Yes. According to Nevada laws, you can be charged with possession of stolen property without any knowledge that the items were obtained illegally – as long as it’s expected that a reasonable person would have been aware. For example, buying electronics at a back of a van parked in a dark alley in the middle of the night would have given any reasonable person reason to believe the goods were stolen.

What is the penalty for possessing stolen property in Nevada?

The penalties for possession of stolen property depend on the value of the property. Generally, misdemeanor charges for less than $1,200 worth of stolen goods carry up to 6 months in jail and/or a fine of up to $1,000.Stealing property valued above $1,200 can lead to felony charges and significant consequences. If convicted you may face up to 10-20 years of imprisonment alongside fines as high as $15,000. Restitution may also be ordered in certain cases.

What are the defenses to a charge of possession of stolen property?

There are several possible defense strategies that may be available to you in this situation, such as lack of knowledge, lack of possession, and illegal search and seizure.

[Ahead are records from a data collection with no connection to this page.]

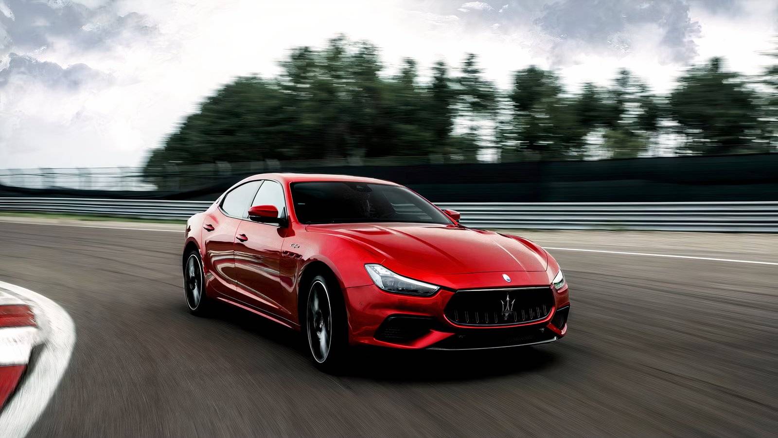 Front 3/4 shot of a red Maserati Ghibli Trofeo driving
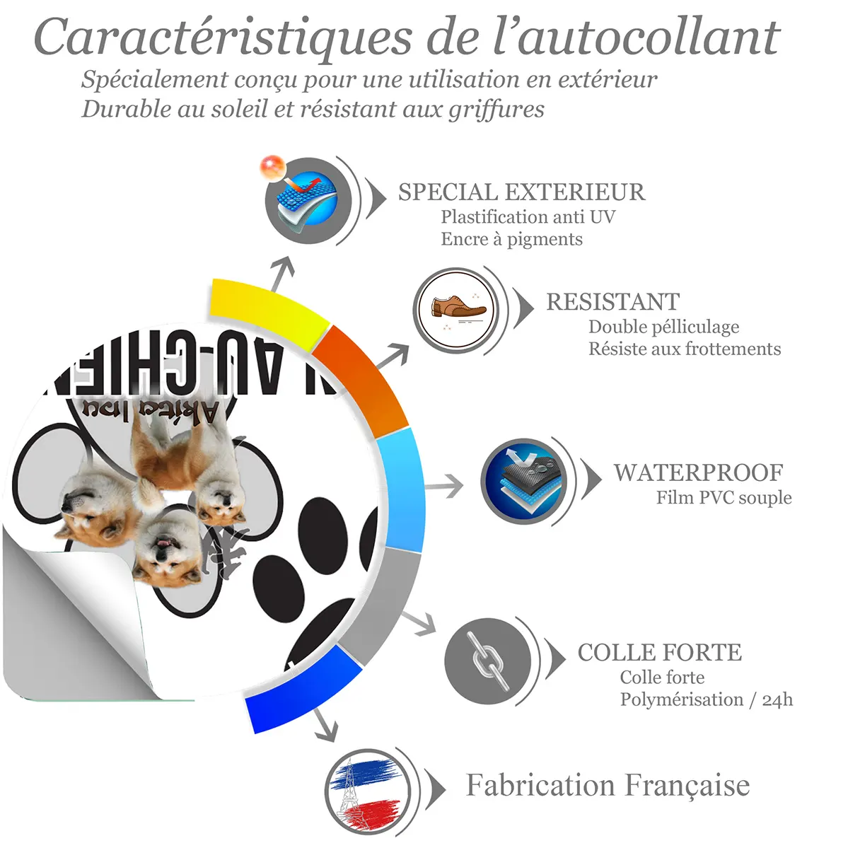 Installer une plaque Attention au chien à l’effigie de l’akita inu fauve, illustrée sous trois angles de son visage, renforce la dissuasion auprès des visiteurs ou personnes mal intentionnées. En montrant clairement la présence d’un gardien attentif, elle incite au respect de votre propriété. Grâce à son illustration réaliste et expressive, cette signalétique véhicule aussi la fierté que vous éprouvez pour votre animal.
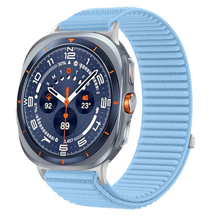 Correa de nailon tejido con cierre de velcro y interfaz metálica para Samsung Galaxy Watch Ultra de 47 mm/Ultra 2025 (azul isla)
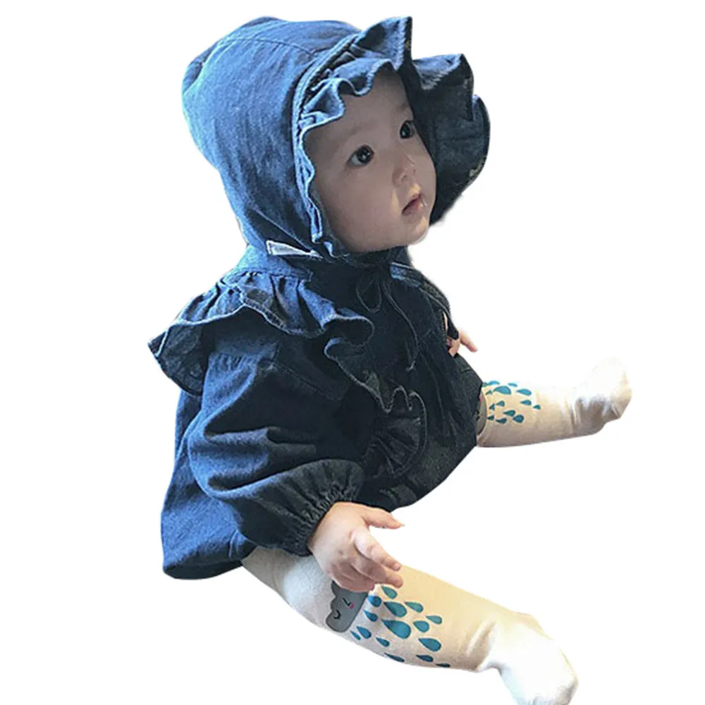 Комбинезон с длинными рукавами для новорожденных девочек + шапочка, боди, одежда из джинсовой ткани
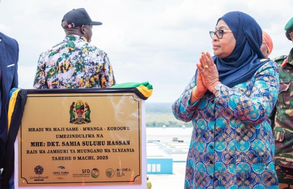 Rais Samia Suluhu Hassan, ameweka jiwe la msingi kuashiria uzinduzi wa Mradi wa Maji Same – Mwanga – Korogwe wakati wa ziara yake ya siku moja mkoani Kilimanjaro leo, Machi 09, 2025.
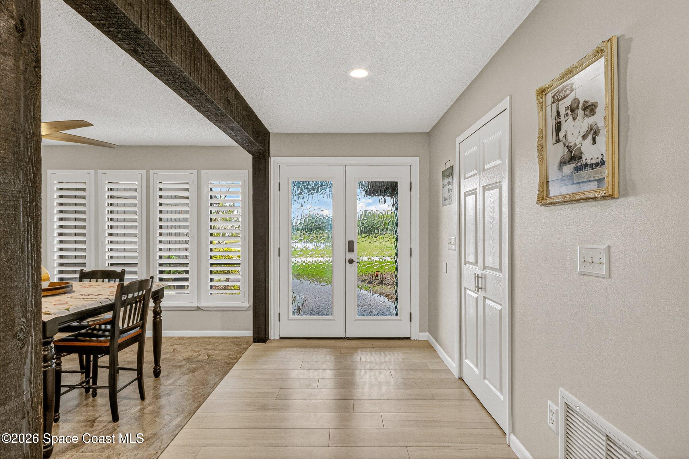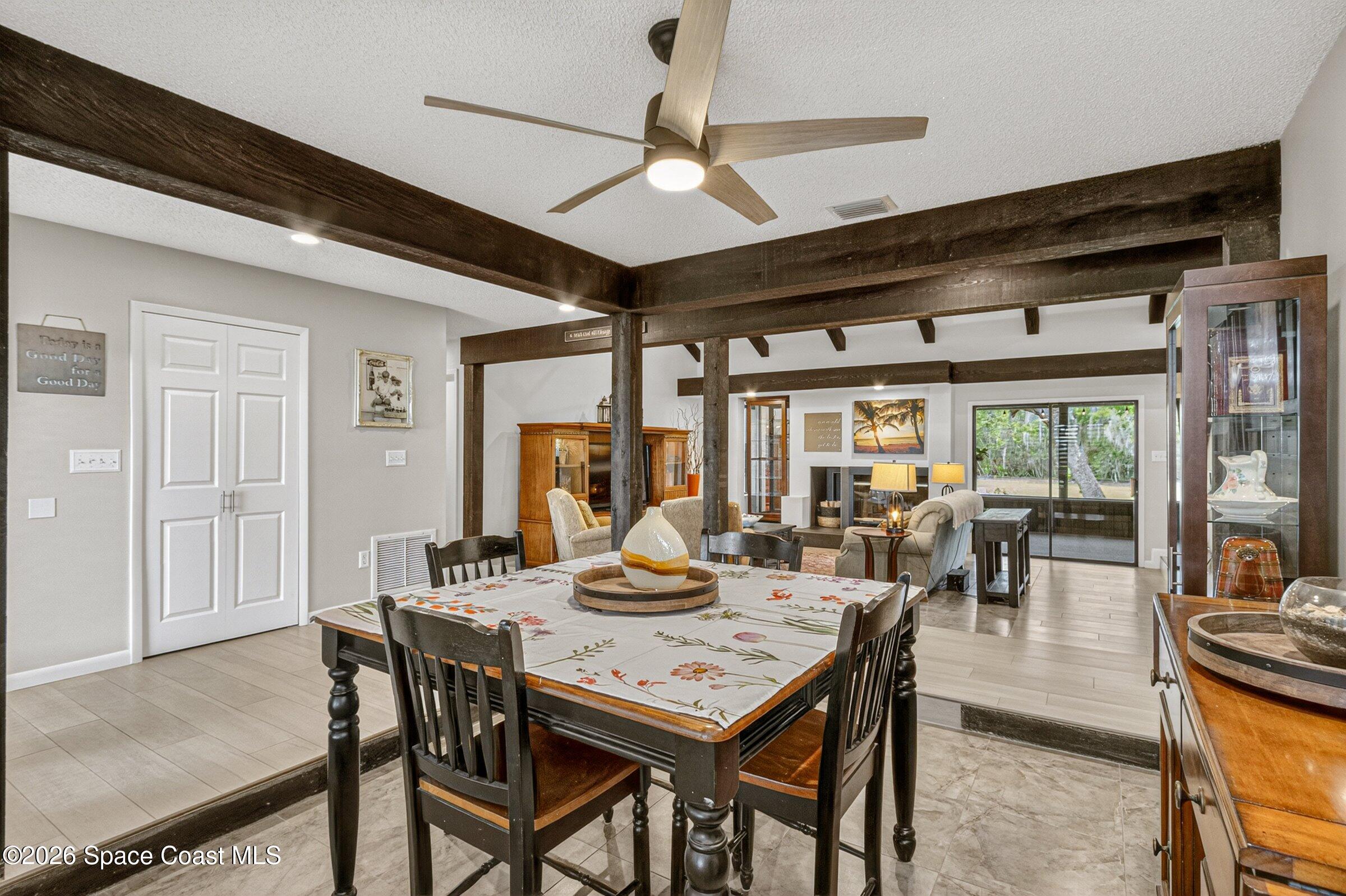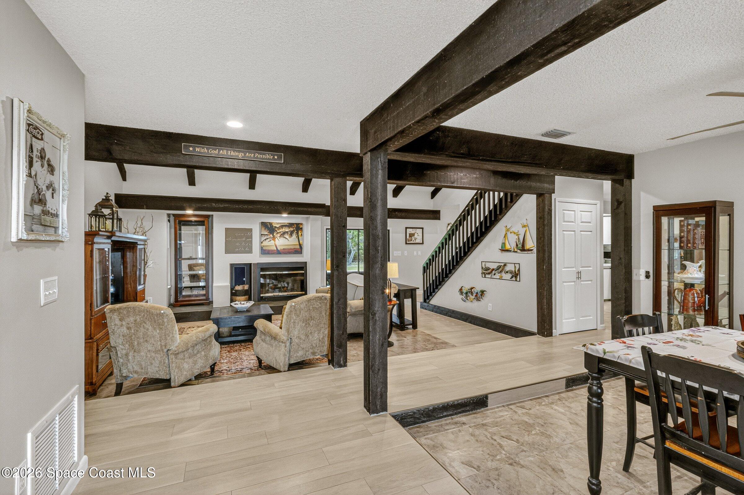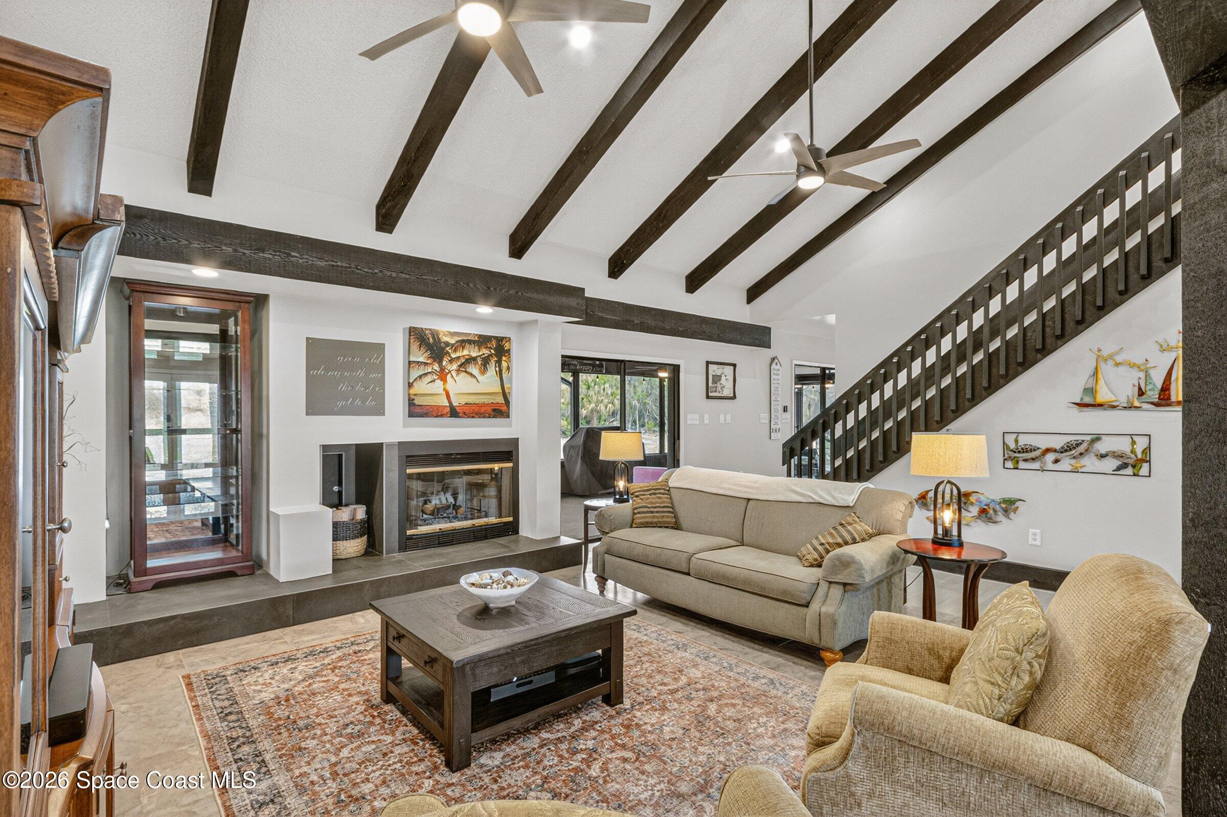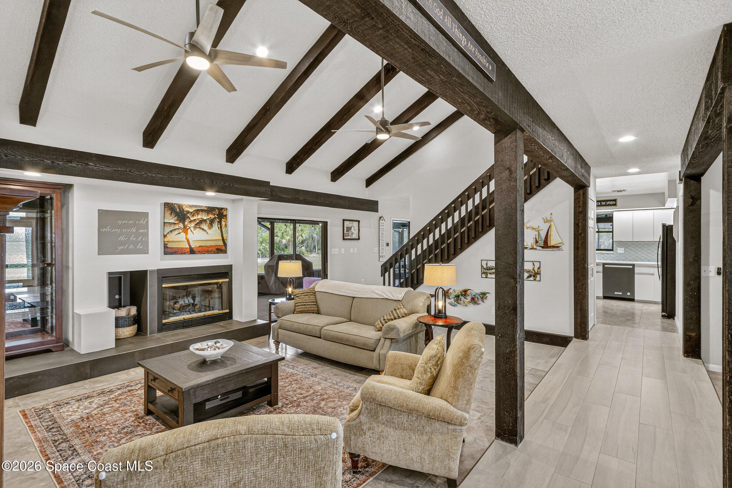Starlight Acres is your private retreat on Floridas Space Coast. Set on 9.68 acres beneath majestic oaks, this 4BR/4BA home offers 3,576 sf under air and a lifestyle that feels worlds away, yet close to Kennedy Space Center and major employers. A winding drive leads to peaceful pond views and a home that offers space to gather and room to spread out. A wrap-around screened porch leads to the pool. Inside, youll find character-filled living spaces with wood beams in the living & dining areas. With 2 primary suites-one upstairs and one downstairs-this layout offers flexibility. A spacious 1st-floor bonus room adds flexibility for guests, hobbies, or a home office. Major updates include a newer roof (2023), dual HVAC systems (2019 & 2022), whole-house generator, storm protection, and a powered outbuilding with 12 ceiling. Whether youre seeking privacy, space, or a front-row seat for rocket launches, this property delivers! Launch your next chapter and schedule your showing TODAY!
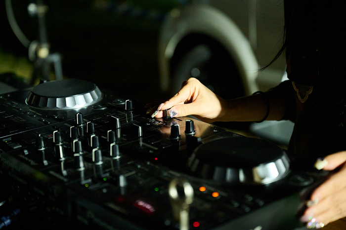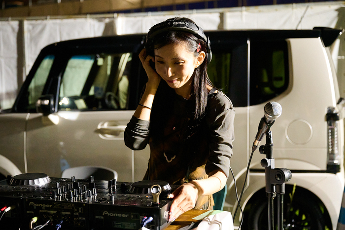 DJブースでは、FM802 DJの深町絵里が、「花火の打ち上げまでは、音楽とフードで楽しんでください!」とウェルカムDJで盛り上げる。「リクエストありましたらどうぞ!」とお客さんのリクエストに応える場面も。
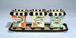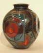 "Hand-made ceramic raku vase 8.5""h x 7""w. Black clay with multi-colored glazes. Sergio has masterfully decorated each angle with a different raku"
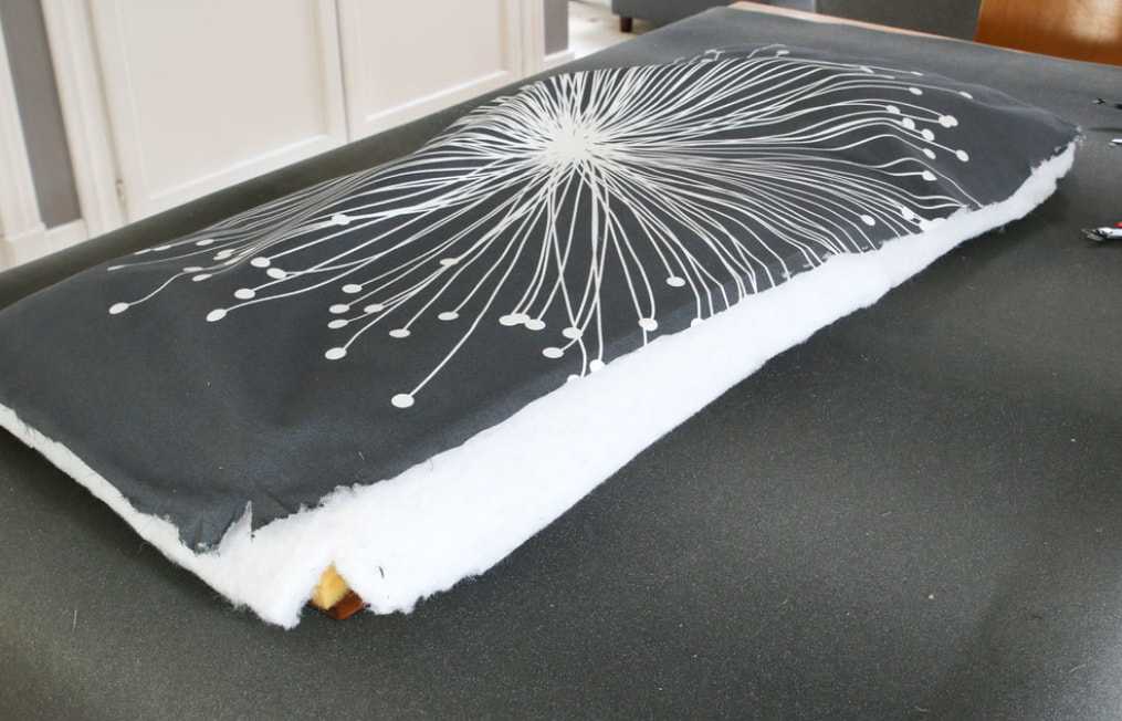 Сразу же переворачиваем ее и устанавливаем поверх поролона. Слегка прижимаем, чтобы закрепить их.
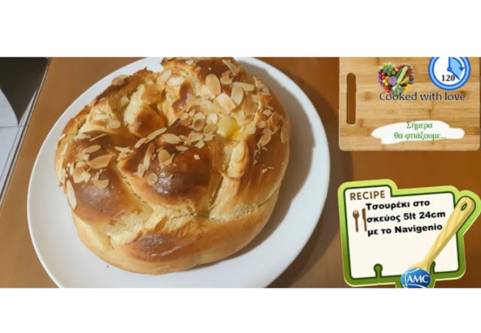 Αλείφουμε τα τσουρέκια με μείγμα αυγού (1 αυγό και 1 κσ κρύο νερό) Χαμηλώνουμε το μάτι στο 1 και προσθέτουμε από πάνω το navigenio στο 1ο πεδίο. Ρυθμίζουμε το audiotherm στα 30’.
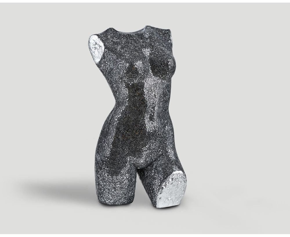 Scultura in resina naturale rivestita in scaglie di specchio Nero
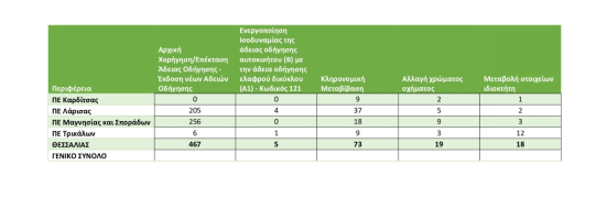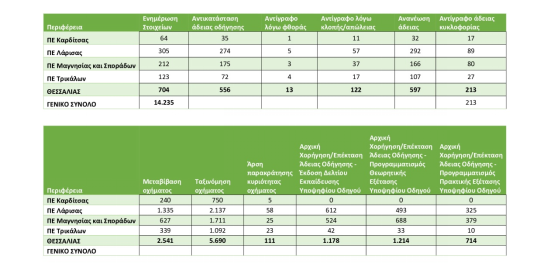 Είναι σαφές από τους πρώτους μήνες χρήσης της υπηρεσίας του ΚΩΔΙΚΟΥ RF και της δυνατότητας ψηφιακής εξυπηρέτησης μέσω του GOV.gr που υπήρξε, πως μειώθηκαν σημαντικά οι μετακινήσεις και ο συνωστισμός των πολιτών στις Διευθύνσεις Μεταφορών της Περιφέρειας Θεσσαλίας, ενώ μειώθηκε σημαντικά η ταλαιπωρία και το κόστος μετακίνησης για πολίτες απομακρυσμένων ορεινών και νησιωτικών περιοχών στα διοικητικά όρια της Θεσσαλίας. Τα αναλυτικά στοιχεία του πρώτου τετραμήνου εφαρμογής της μεταρρύθμισης που συντελεσθεί παρουσιάζονται ανάγλυφα στους παρακάτω πίνακες, ενώ πρέπει να σημειωθεί ότι μειώθηκε και ο όγκος των έγχαρτων φακέλων που στοιβάζονται επί χρόνια στους γεμάτους χώρους αρχείων των Διευθύνσεων Μεταφορών σε Λάρισα Βόλο, Τρίκαλα και Καρδίτσα.
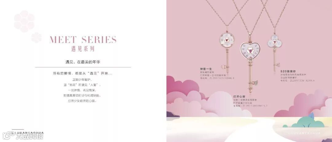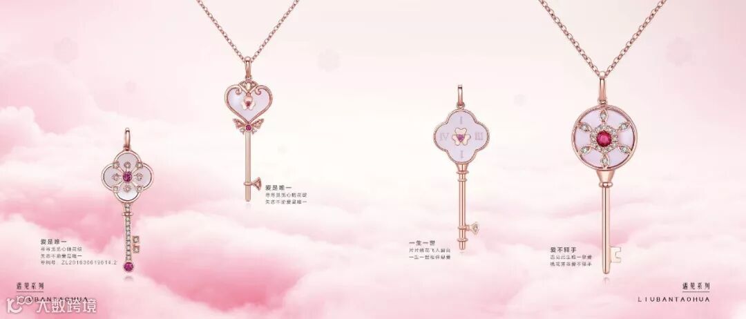 原创概念IP——“六瓣桃花”系列产品,以一颗心两个瓣,塑造“六瓣桃花”的品牌基因,让桃花成为女性青春年华的标识,像梵克雅宝的四叶草、卡地亚的猎豹一样的广为人知。

Is possession of stolen property a felony in Nevada?

It depends. Depending on the value of the property, the offense can range from a misdemeanor to a category B felony.

Is there any way to get my charges reduced or dismissed?

Yes, there are a few legal defenses that may apply and help reduce your charges or have them dismissed entirely. These include lack of knowledge that goods were stolen, lack of possession, showing that the goods were lawfully obtained by another means, and arguing illegal search and seizure.